Alors que pratiquement une semaine nous sépare de la fin du mois de ramadan, l’inquiétude reste vive dans la ville carrefour de Mamou, chez bon nombre de citoyens, qui n’ont jusque-là pas eu d’habits de fête, ni de quoi mettre dans la marmite ce jour-là. Ce samedi 22 mars 2025, notre correspondant régional a promené son micro dans la commune urbaine, afin de recueillir les réactions de certains.
Adama Condé en est une parmi tant d’autres. Elle crie à la galère et invite les autorités et personnes de bonne volonté à multiplier les gestes humanitaires auprès des personnes qui tirent le diable par la queue.
‘’La galère est là, mais je peux dire Dieu merci, puisque je suis en vie, c’est le plus important. Maintenant, en ce qui concerne la fête qui est presque arrivée, je n’ai rien à porter de neuf ni de quoi nourrir mes quatre enfants qui sont actuellement même à la maison depuis le début du mois de février, pour n’avoir pas payé les frais de scolarité. Leur papa est gravement malade, c’est lui qui s’en occupait de tout. Mais l’homme propose, Dieu dispose.
Là où je me trouve comme ça, je vais au marché pour voir une connaissance, afin qu’elle puisse m’aider à avoir quelque chose pour que je prépare aujourd’hui. Ça fait deux jours, je n’ai pas préparé, mes enfants mangent chez les voisins, comme c’est le ramadan, il y a une petite mosquée auprès de chez nous, c’est là où ils vont. C’est honteux, mais je n’ai pas le choix. Je serais très contente pour toute aide si faible soit-elle, car je ne sais pas quoi faire’’, a-t-elle plaidé.

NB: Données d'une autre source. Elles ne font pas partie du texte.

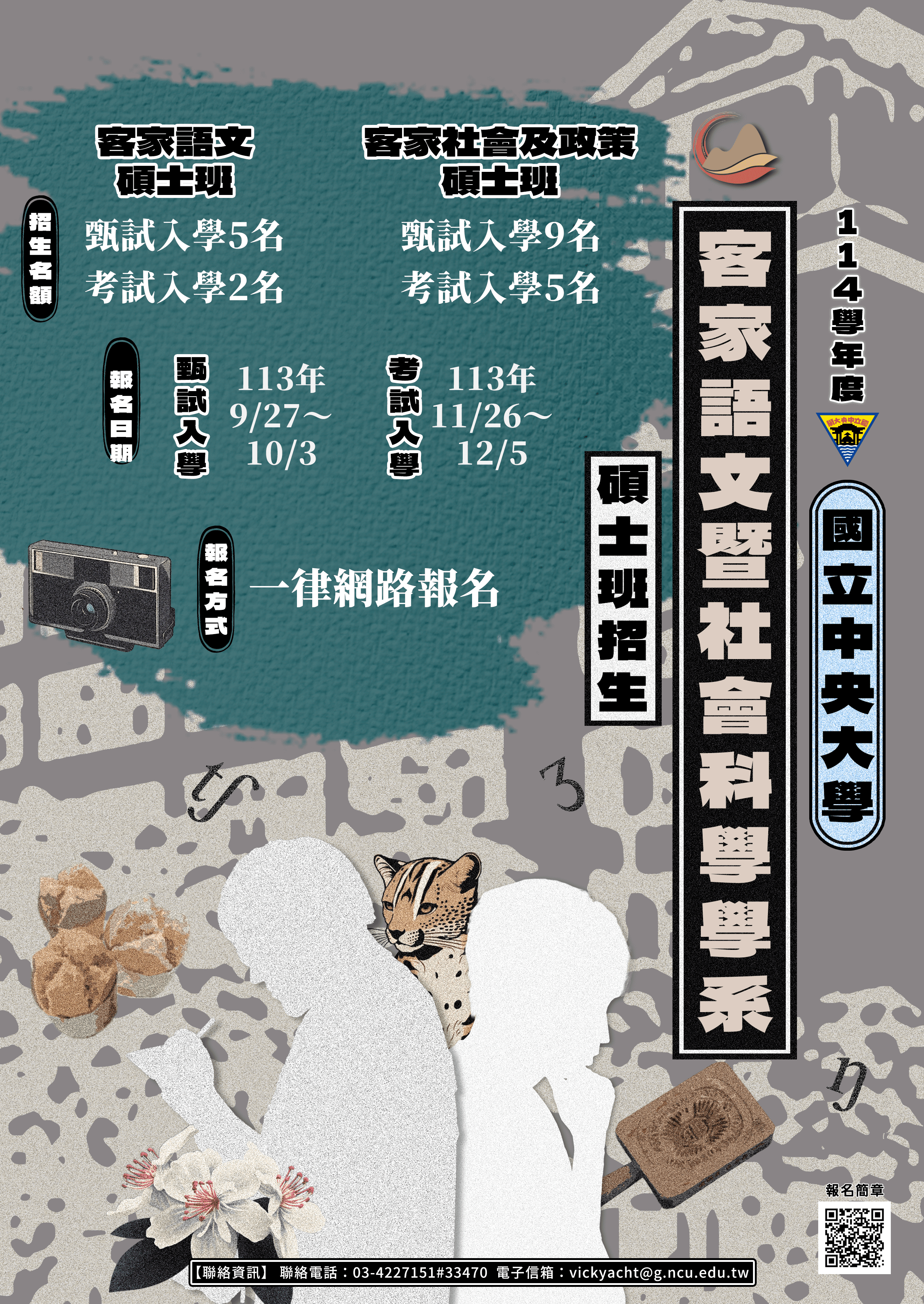 一、國立中央大學客家語文暨社會科學學系「客家語文碩士班」及「客家社會及政策碩士班」114學年度招生,分為甄試及考試入學兩種方式,並一律網路報名。
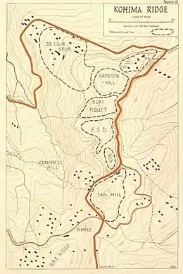 Kohima Ridge was about a mile long and about 400 yards wide, with a series of hills and gullies that ran alongside the road from Imphal to Dimapur. The steep slopes along the road made the ridge a formidable target for attackers, but it was a narrow space from which to repel an enemy attacking in strength.[2] In March 1944, the Japanese launched Operation U-Go, a large-scale invasion of India.[3] By April 6 the British, Nepalese and Indian soldiers of Kohima Garrison had been surrounded on the Kohima ridge.[4] As the siege began the Kohima Ridge was defended to the south (facing Imphal) by the 1st Assam Regiment on Jail Hill. The centre ground of the ridge was mainly defended by 4th Battalion, Queen's Own Royal West Kent Regiment. The North West of the Ridge, known as Hospital Spur, was defended by the 3rd Assam Rifles who were facing the road to Dimapur. The North East of the Ridge on a sharp corner in the road was where the Deputy Commissioner (DC) Charles Pawsey's Bungalow and Tennis Court was situated. This was initially guarded by a composite group of soldiers,[4] thought to be British and Gurkha troops from the local Reinforcement Depot.[5]

Traversant la même galère, Alpha Sy dit être déçu des autorités du pays. ‘’Moi j’ai fait 13 ans au Sénégal. Mais là-bas, quand la fête arrive et même le ramadan d’abord, les autorités priorisent beaucoup ceux qui sont à l’intérieur du pays, parce qu’ils savent que ceux-ci sont loin de la capitale et quand ils envoient des vivres, ils suivent du début à la fin pour s’assurer que les personnes se trouvant dans des situations très précaires, obtiennent ces vivres, pas ceux qui ont tous les jours et abondamment, de quoi se nourrir et nourrir leurs petites familles. Mais ici, je peux dire c’est le contraire. Sinon, regardez ma condition de vie, c’est assez déplorable et nous sommes des centaines qui subissent cette galère, alors que quelques jours nous séparent de la fête du mois saint de ramadan. Je prie le Général Mamadi Doumbouya de penser encore à Mamou pour changer notre position’’, a-t-il invité.

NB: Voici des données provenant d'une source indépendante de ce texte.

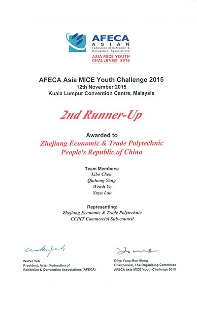 11月12日,由亚洲展览会议协会联盟主办的首届“2015年亚洲会展业青年挑战赛”在马来西亚吉隆坡会议中心落下帷幕。我院会展策划与管理专业杨邱虹、楼雨羽、叶文迪和陈利波四位学生组成的参赛队以作品“首届杭州极简生活展”荣获季军,展现了经贸学子良好的风采。
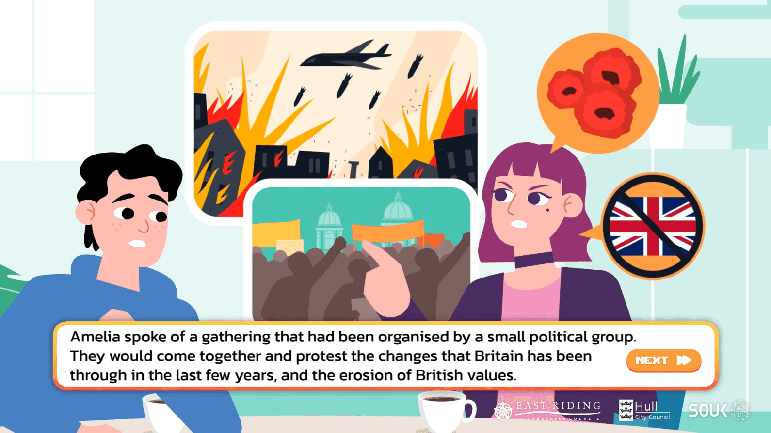 Amelia features prominently in the fourth scenario, where she is introduced as a close friend of Charlie who has “made a video encouraging young people in Birdlington to join a political group that seeks to defend English rights.”
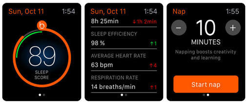 Beddit, tracks your sleep habits and then recommends daytime naps. It can take a look at your sleep score and recommend a quick 30-minute power nap after lunch. It then wakes you up with a silent alarm and updates your sleep score which makes it a daytime sleep tracker.
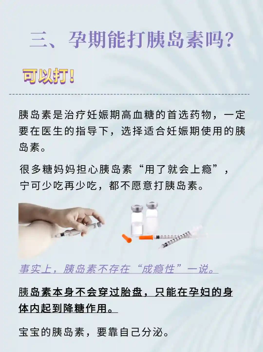 ②当二甲双胍💊无法控制高血糖时,及时加用或改用胰岛素控制血糖;选择妊娠期间可以使用的胰岛素,如地特胰岛素;停用二甲双胍以外的降糖药物。
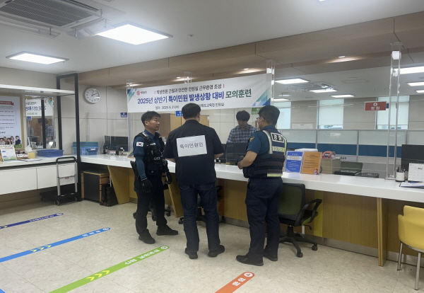 훈련은 단계별 행동 매뉴얼에 따라 진행됐으며 △비상대응팀(현장대처·신고·구호·제압반) 구성 △112 연계 비상벨 작동과 경찰 출동 △민원 공무원 안전장소 대피 △웨어러블캠을 활용한 증거 영상 확보 △경찰에 의한 악성 민원인 제압 △특이 민원 발생 상황 보고 등 실제 상황을 가정한 대응 훈련이 이뤄졌다.
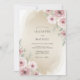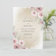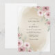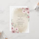Ce design présente un lavis d'aquarelle délicat dans des tons de sable doux associé à des roses roses romantiques et au feuillage vert sauge. L'esthétique éthérée crée une ambiance sereine et élégante, parfaite pour un événement printanier. De luxuriantes illustrations botaniques de roses en fleurs et d'accents feuillus offrent une beauté naturelle et intemporelle.
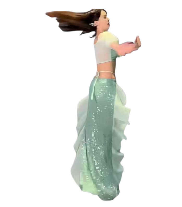 上質なシフォン素材を使用したロングスカートは、軽やかに広がるシルエットが特徴。回転や移動の動作に合わせて自然な流れを生み出し、ステージ上での表現力を高めます。

Fatoumata Binta Bah est vendeuse au grand marché de Mamou. Elle ne manque pas elle aussi d’exprimer son cri de cœur pour une assistante urgente. ‘’Moi, quand vous me demander aujourd’hui par rapport à cette fête qui arrive, je dirais que ce n’est pas comme l’année dernière. Pour cette année, mon mari qui n’était pas là est revenu et il m’a même donné toutes les dépenses pour la fête. Mais je vais quand même dire à Mamadi doumbouya d’aider la population, surtout les femmes de Mamou. On souffre beaucoup et certaines personnes dans ce marché, leurs maris ne vivent plus. Elles ont des enfants qui doivent être nourris, habillés surtout le jour de la fête et entretenus. Mais si on n’a rien, ça devient compliqué’’, a-t-elle plaidé.
Faute de moyens, à Mamou, cette année, l’engouement n’est pas de taille dans les marchés et même dans la plupart des ateliers de couture, sillonnés par notre correspondant régional. La rareté de la clientèle est palpable sur le terrain.
Depuis Mamou, Ibrahima Molota SOUMAH, pour Lerevelateur224.com.